We have been camping just down the road at Raven Cliff Falls for over a decade and had never so much as pulled into the parking lot of Smithgall Woods despite it being right in front of our turn up the Richard B. Russell Scenic Highway, hidden in plain sight.
Smithgall is the sort of place one goes to find some peace and quiet. We love Georgia State Parks as much as we love our own kids, which is to say a lot. But the reality is most state parks tend to be crawling with people, RVs, and selfie sticks. None of them bad in their own right but when we go into the woods, on most days, we want to get away from it all. This is why Smithgall Woods was such a startling place for us to visit the first time.
The first thing that jumps out to you about Smithgall is the lack of cars throughout the park. That is because cars are not allowed past the parking lot. Despite having over 18 miles of roads, 28 miles of trails and being over 5700 acres, the only way to explore beyond the parking lot is by foot.
We got the opportunity to meet up with Ranger Will Wagner who is in charge of the property. He was gracious enough to spend a couple hours with us as we explored the park with him. We started off in the truck and got to go where few cars are allowed – past the gate and nature center at the front of the park and into the woods. We rolled along at about 10 miles an hour for the first 10 minutes as Will gave us the history of how Smithgall came to be state owned.
Ranger Wagner quickly explained why Smithgall Woods is so protective of the park and it is tied directly to it’s history of abuse.

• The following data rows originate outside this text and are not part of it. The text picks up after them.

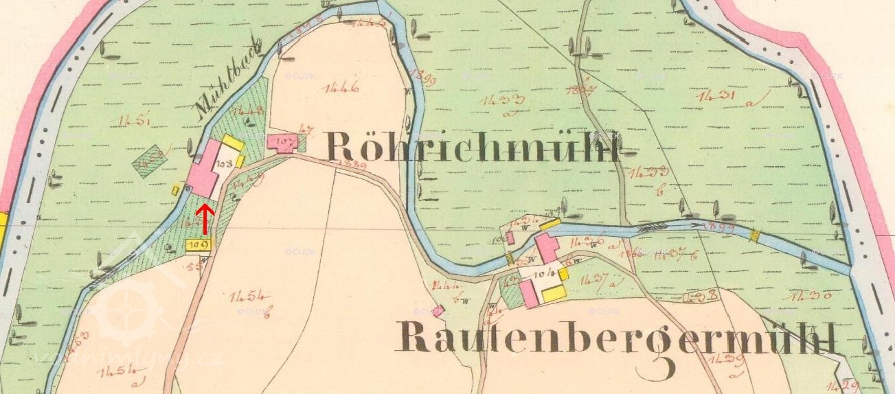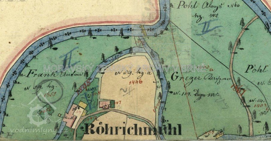 V r. 1834 je psán majitel mlýna Anton Frank. Původní č. p. bylo 59.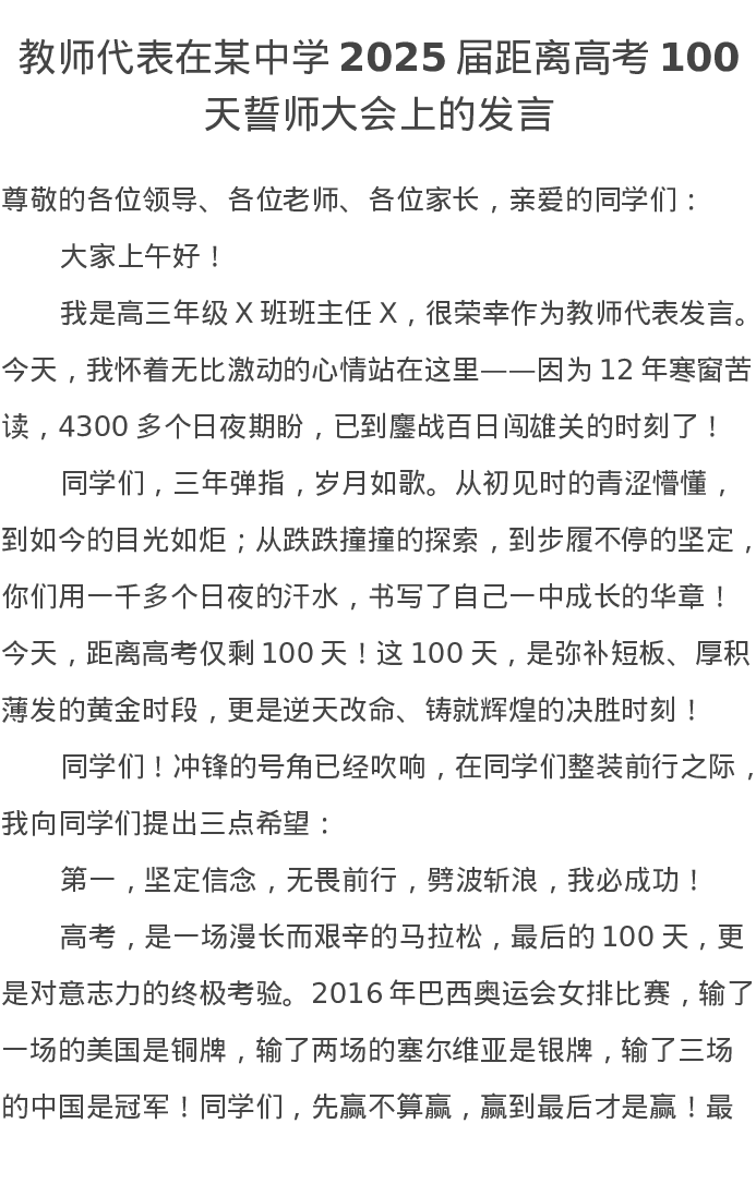 教师代表在某中学2025届距离高考100天誓师大会上的发言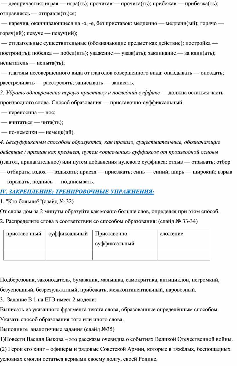 2. Распределите слова в соответствии со способом образования: (слайд № 33-34)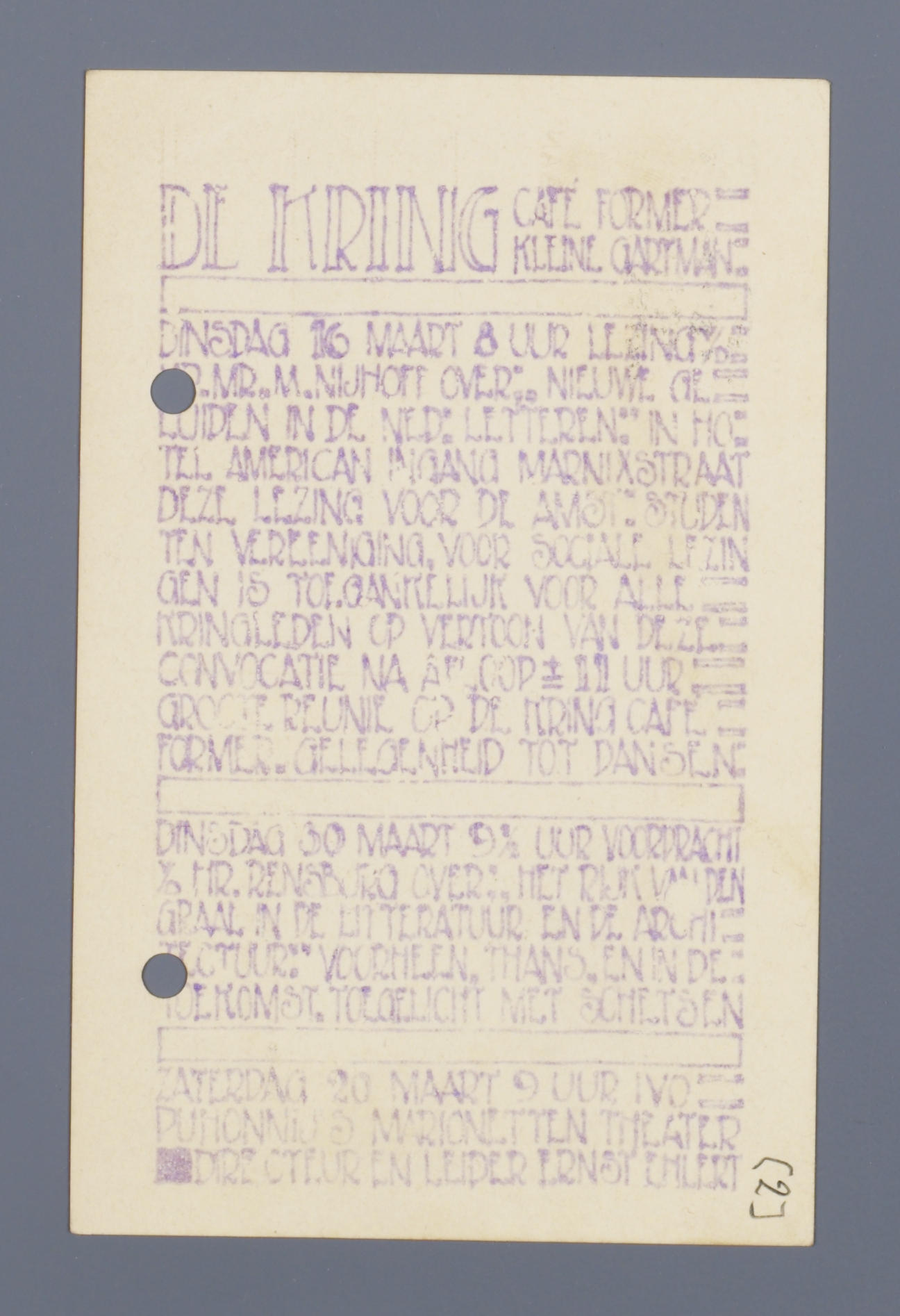 Dinsdag 16 maart 8 uur lezing v/d Hr. Mr. M. Nijhoff over: nieuwe geluiden in de Ned. Letteren: in Hotel American ingang Marnixstraat. Deze lezing voor de Amst. Studentenvereeniging voor sociale lezingen is toegankelijk voor alle kringleden op vertoon van deze convocatie. Na afloop ± 11 uur groote réunie op de kring café Former. Gelegenheid tot dansen.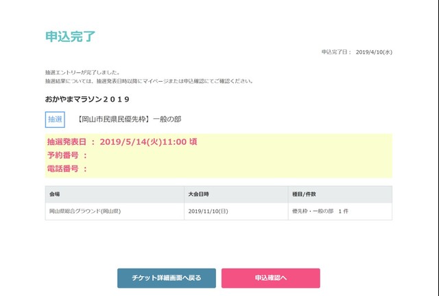 もう定番となって参りました。 そうです。岡山マラソンの岡山県民枠のエントリー申込が10日から可能になりました。 と、いうことでさっそく申込を行いました。 県民枠は今年も2000人の予定で、昨年は一般枠として当選通知がきました。 今年も「当たれば」走る。「当たれば」完走するを目標に マウスに力を入れました!! 県民枠の抽選結果は5月中旬ですので、それまでお楽しみに(^^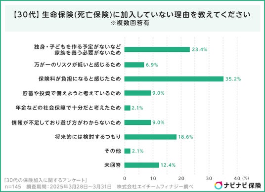 生命保険(死亡保険)に加入していない理由としては、「保険料が負担になると感じたため」(35.2%)が最も多く、次いで「独身・子どもを作る予定がないなど家族を養う必要がないため」(23.4%)、「将来的には検討するつもり」(18.6%)という結果になりました。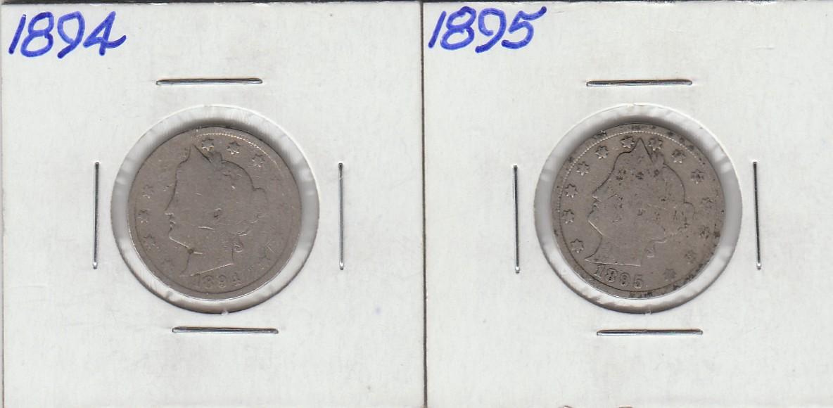 2 V NICKELS LIBERTY HEAD 1895 1894

Duke’s Creek which runs the length of the property is reported to be the first place gold was found in Georgia in the early 1800s. The next 100 years pretty much brought the place to the ground as it was overrun with mining. The acreage that would come to be Smithgall was destroyed and pillaged in the search for more and more gold. In the 1940s, Charles Smithgall began buying the land in and around Smithgall, eventually buying over 5500 acres and using $20 million of his personal money to begin the long process of restoring the land. And in 1994, Charles Smith gift-sold 99% of the property to the state of Georgia and entrusted them to continue the preservation of it.
As we rolled along Will jumped out to show me one of the park’s many trails, the Martin Mine Trail. Before I knew it the car was parked and we were on a nice spring hike rambling through the woods with no goal other than to be outside walking in the woods.
Martin’s Mine is an old gold mine and as we made our way up the trail to it, Will calmly walked through the path rattling off all kinds of flora and fauna. Will is nothing if he’s not passionate. As we walked with no particular destination other than to ramble along some trails (the best kind of hiking), Will shared about how he came to work at the park, his family, and his hobbies. Within minutes I had been invited to his yearly hiking trip that he has been going on for years with friends. He shared how he used to guide rafting trips. The different parks he had worked at. His experience leading the North Georgia search and rescue team and what it’s like to go into the woods expecting to find someone gone missing. Will would stop to point out a plant here. A flower there. A fern at our feet. He shared their names, what they are used for, and everything he knew about them, mixing science and folklore seamlessly.
The hike was great but the conversation was better which is the way it should always be.
Smithgall Woods is known as a hot bed for fishing as it one of Georgia’s two state run trophy trout streams. Meaning it’s all catch and release, barbless hooks, and artificial bait. It also means there are massive fish in Duke’s Creek. The fishing is so well managed (and enforced) by the park that they only give out 15 permits in the morning and 15 permits in the afternoon 3 days a week so reservations are a must (call ahead to get on the list and learn the rules) as the dates book up 4-6 weeks in advance most of the year. The rest of the time the fish just mind their business and get fatter. To read more about fishing at Smithgall and the great lengths experienced fishermen go to catch a trout, check out these interesting articles by Georgia Outdoor News here and here.
Back at the parking lot there is a huge nature center that is one of the more well done ones that we have seen in state parks.
There is no camping at Smithgall but there are six big cottages across the road and a primitive camping spot used only for youth groups and scouts. The cottages are booked out almost 6 months in advance, and even further on some of the units, as almost all of them are creekside. An advantage of booking a cottage is you can fish the stream further up whereas the normal permitted fishing is only allowed further down the creek. Meaning you can have the whole upper section to yourself. On the cottage side there is also a huge clearing with an observation deck for viewing wildlife like small bear cubs and other mountain critters.
Smithgall Woods is definitely not your traditional state park but one that is teeming with wildlife, trails, and adventure nonetheless. If you’re looking to get out into the woods by yourself and want to avoid the crowds, this is without a doubt one of the better state parks in the state to do it.
Smithgall Woods is located 5 minutes outside of Helen and Cleveland.